INSTRUCTIONS FOR THE TASK:
Take the data below and write it out exactly, except for the pictures.

[Dataset excerpts]
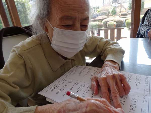 望みの幸望庵では、午前中に体操、機能訓練をしていますが、それと同時に『計算問題』をしております
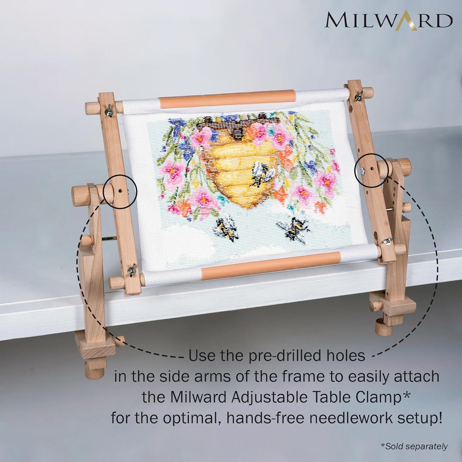 Introducing the Milward Rotating Tapestry Frame - Clip-On, the ultimate tool for all your needlecraft projects. Crafted from premium beech wood, this frame boasts an ultra-smooth finish that prevents fabric snags and feels gentle on your hands. Perfect for a variety of needle crafts, attaching fabric is a breeze with the included plastic clips, which securely hold your work without leaving any marks. Designed for convenience and functionality, the Milward Rotating Tapestry Frame features holes in each of the two vertical arms, allowing easy attachment to the Milward Adjustable Table Clamp for a hands-free setup. The horizontal arms rotate, enabling you to scroll your fabric and maintain a perfectly smooth base for your work. Assembly is simple with the included step-by-step instructions, and when not in use, the frame can be disassembled for effortless and compact storage. Enhance your crafting experience with this versatile and user-friendly tapestry frame. Compatible with the Milward Adjustable Table Clamp for added stability, the Milward Rotating Tapestry Frame - Clip-On is your go-to choice for seamless needlecraft projects.
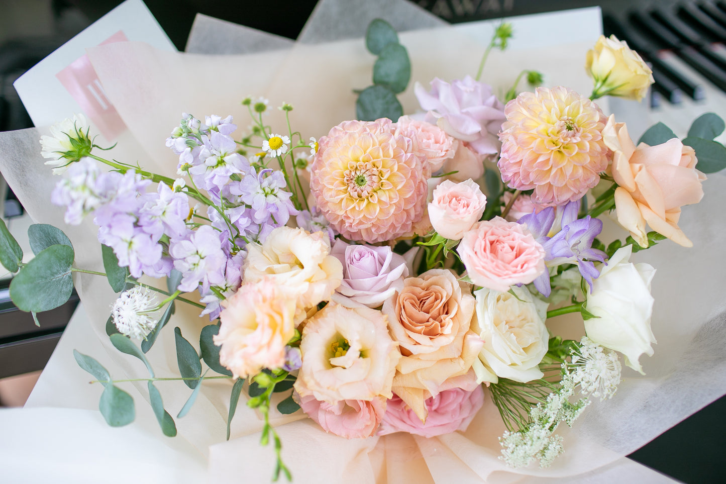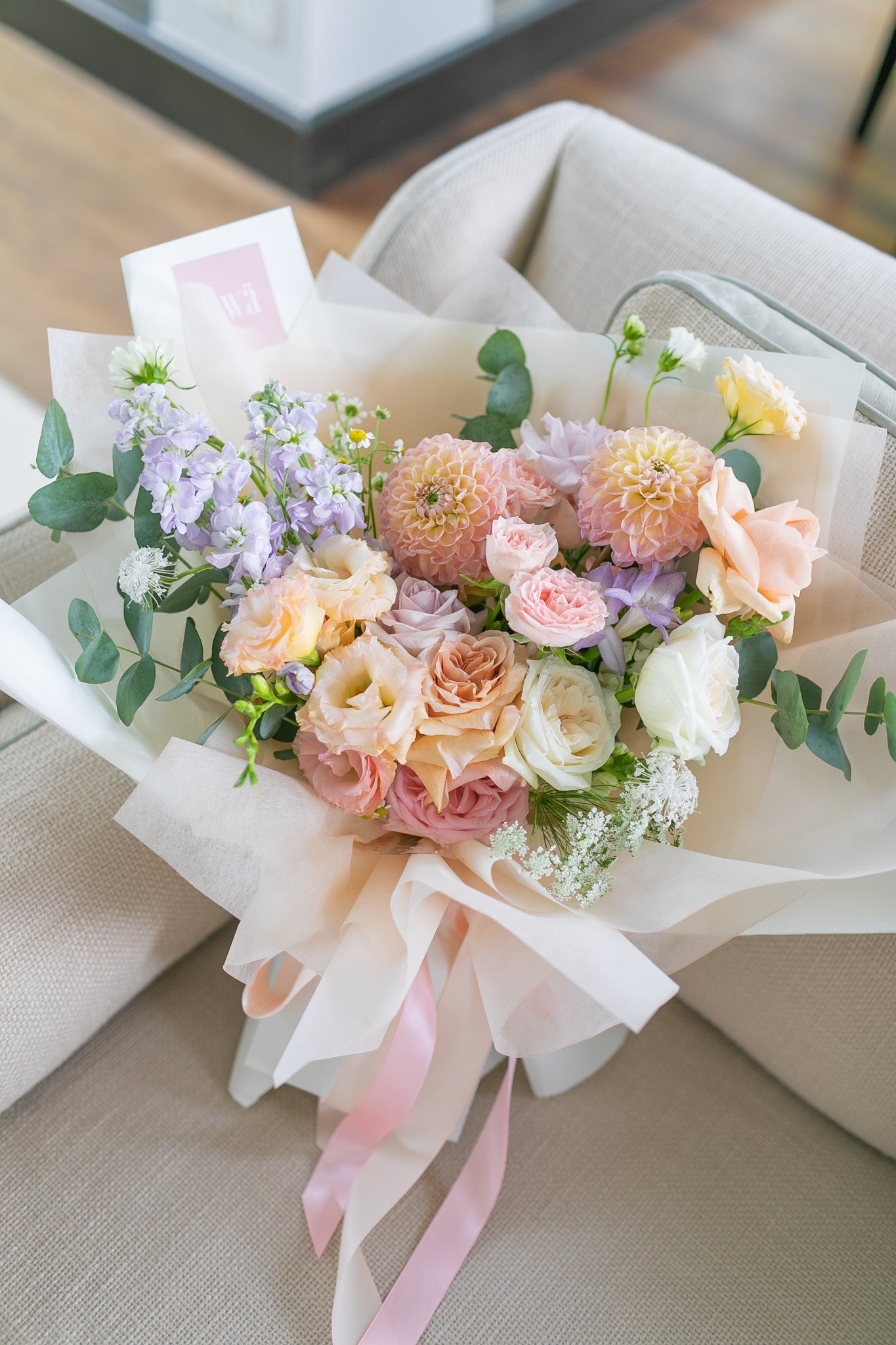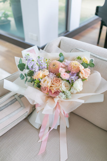 This bouquet boasts a variety of light pastel florals in a soft playful palette.
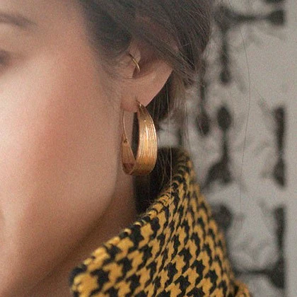Boucles d’oreilles type créoles. En laiton doré à l’or 24 carats de 0,5 micron d’épaisseur. Non oxydable et ne déteint pas. Diamètre d’une créole de 3 cm.Bijou fabriqué à la main à Paris.
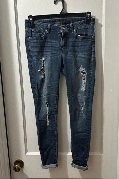 Stylish Jennifer Lopez skinny jeans. Distressed design. Classic blue color. Perfect for casual wear.
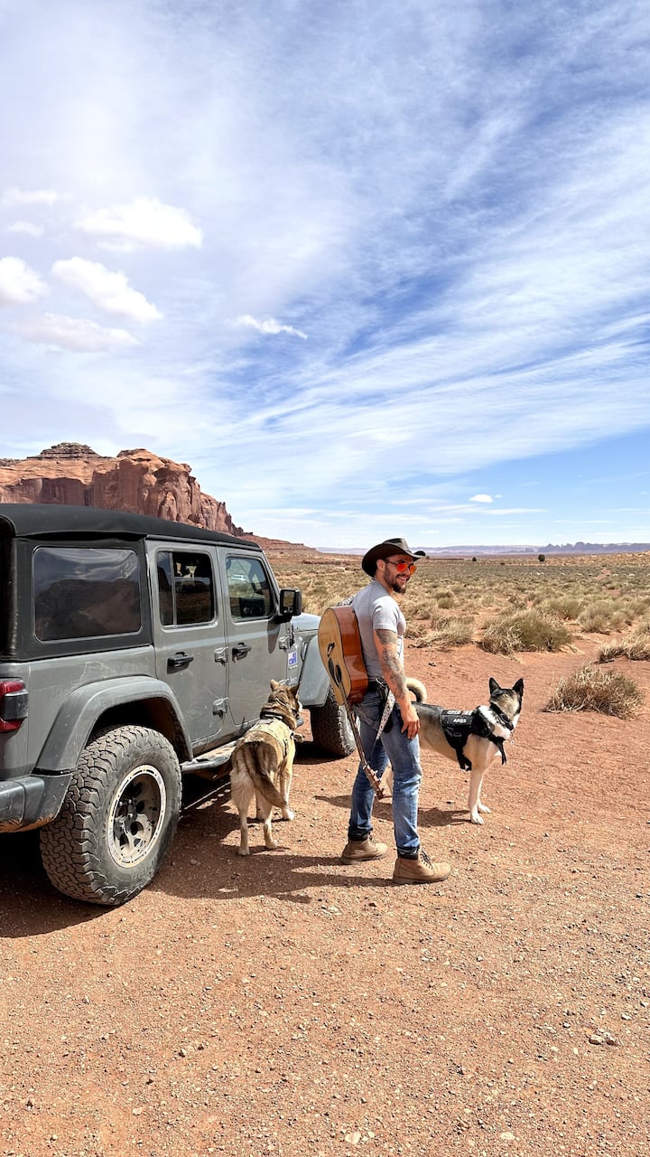 Private ørkenture i terrængående køretøjer med huskyer
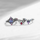 Crescent Moon | Coffin Cut Lab Alexandrite Black Gold Celtic Knot Ring Set 3pcs
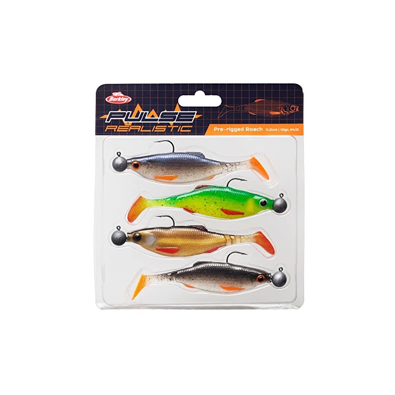 • Our predator fishing experts have combined 4 great catching colors of the super realistic Pulse Realistic Roach Shad soft fishing lure with matching jig heads. Life-like fish shape of a real roach, ready-to-fish lures including super sharp jig heads.
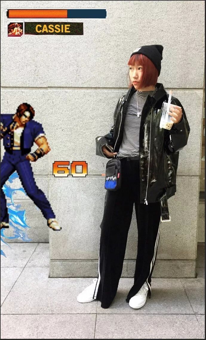 M:7分,原本内搭的比较提亮的卫衣没有收到,所以穿的是cassie本来的内搭。换成连帽卫衣会更青春也更有层次。
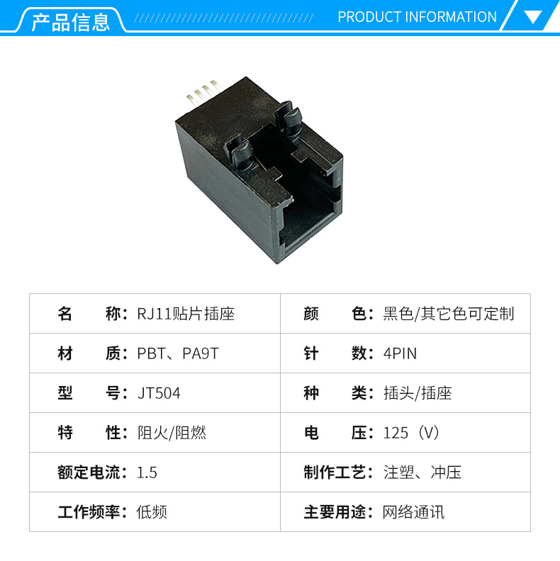本公司提供優良的RJ11、RJ12電話插接件、RJ45網絡插接件,耐環境RJ45防水連接器,防水電連接器及其它精密連接器,產品應用于網絡通訊(電腦主板,網絡交換機,路由器,電信設備)、惡劣環境下數據傳輸與控制及電源信號傳輸與控制(戶外LED顯示屏、機器控制、工業程序控制等)
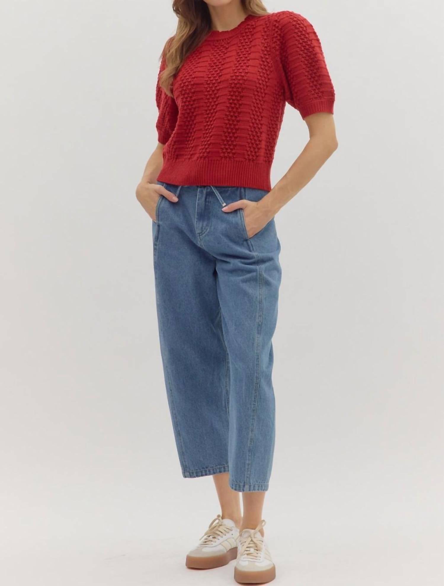 Pair this with your favorite jeans and slides for your next girls night out. This short-sleeved pullover top is made from 100% acrylic sweater knit and features a multi-pattern solid design. The garment is unlined, non-sheer, and lightweight.
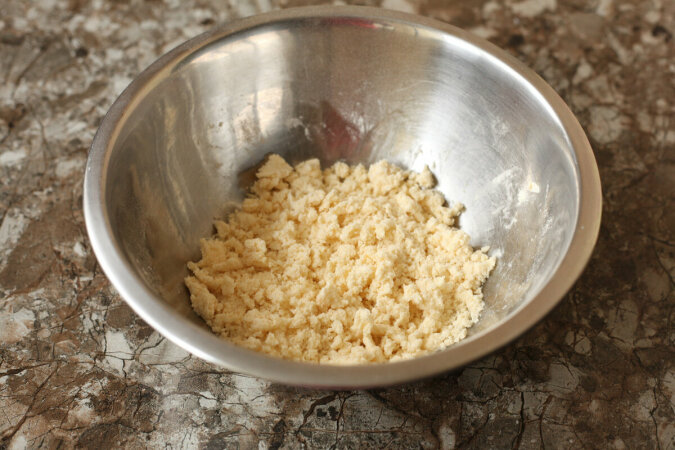 Wszystko mielimy rękami, aż uzyskamy drobne okruchy. Ważne jest, aby masło nie zaczęło się topić, w przeciwnym razie stosowanie okruchów nie przyniesie oczekiwanych efektów.
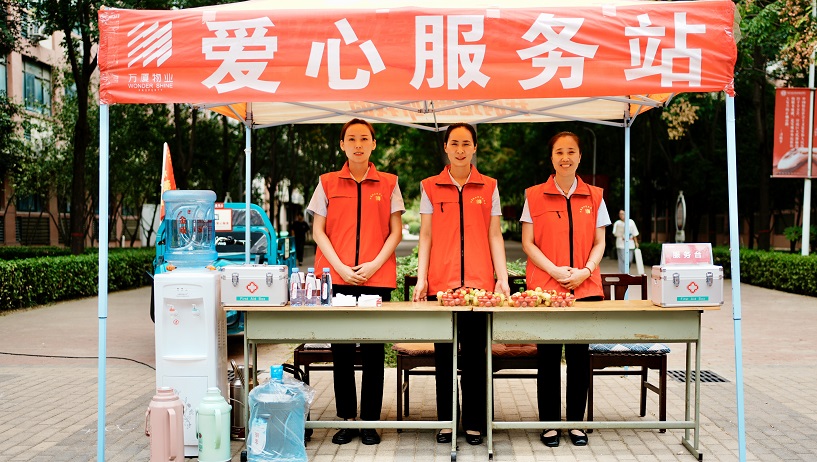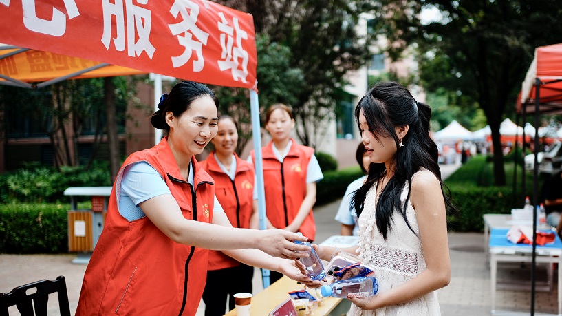 迎新当天,物业服务中心的准备工作紧张而忙碌,爱心服务站的暖心服务早已准备就绪。全程为新生提供爱心服务。

SOLVED PROBLEM:
 望みの幸望庵では、午前中に体操、機能訓練をしていますが、それと同時に『計算問題』をしております
 Introducing the Milward Rotating Tapestry Frame - Clip-On, the ultimate tool for all your needlecraft projects. Crafted from premium beech wood, this frame boasts an ultra-smooth finish that prevents fabric snags and feels gentle on your hands. Perfect for a variety of needle crafts, attaching fabric is a breeze with the included plastic clips, which securely hold your work without leaving any marks. Designed for convenience and functionality, the Milward Rotating Tapestry Frame features holes in each of the two vertical arms, allowing easy attachment to the Milward Adjustable Table Clamp for a hands-free setup. The horizontal arms rotate, enabling you to scroll your fabric and maintain a perfectly smooth base for your work. Assembly is simple with the included step-by-step instructions, and when not in use, the frame can be disassembled for effortless and compact storage. Enhance your crafting experience with this versatile and user-friendly tapestry frame. Compatible with the Milward Adjustable Table Clamp for added stability, the Milward Rotating Tapestry Frame - Clip-On is your go-to choice for seamless needlecraft projects.
 This bouquet boasts a variety of light pastel florals in a soft playful palette.
Boucles d’oreilles type créoles. En laiton doré à l’or 24 carats de 0,5 micron d’épaisseur. Non oxydable et ne déteint pas. Diamètre d’une créole de 3 cm.Bijou fabriqué à la main à Paris.
 Stylish Jennifer Lopez skinny jeans. Distressed design. Classic blue color. Perfect for casual wear.
 Private ørkenture i terrængående køretøjer med huskyer
 Crescent Moon | Coffin Cut Lab Alexandrite Black Gold Celtic Knot Ring Set 3pcs
 • Our predator fishing experts have combined 4 great catching colors of the super realistic Pulse Realistic Roach Shad soft fishing lure with matching jig heads. Life-like fish shape of a real roach, ready-to-fish lures including super sharp jig heads.
 M:7分,原本内搭的比较提亮的卫衣没有收到,所以穿的是cassie本来的内搭。换成连帽卫衣会更青春也更有层次。
本公司提供優良的RJ11、RJ12電話插接件、RJ45網絡插接件,耐環境RJ45防水連接器,防水電連接器及其它精密連接器,產品應用于網絡通訊(電腦主板,網絡交換機,路由器,電信設備)、惡劣環境下數據傳輸與控制及電源信號傳輸與控制(戶外LED顯示屏、機器控制、工業程序控制等)
 Pair this with your favorite jeans and slides for your next girls night out. This short-sleeved pullover top is made from 100% acrylic sweater knit and features a multi-pattern solid design. The garment is unlined, non-sheer, and lightweight.
 Wszystko mielimy rękami, aż uzyskamy drobne okruchy. Ważne jest, aby masło nie zaczęło się topić, w przeciwnym razie stosowanie okruchów nie przyniesie oczekiwanych efektów.
 迎新当天,物业服务中心的准备工作紧张而忙碌,爱心服务站的暖心服务早已准备就绪。全程为新生提供爱心服务。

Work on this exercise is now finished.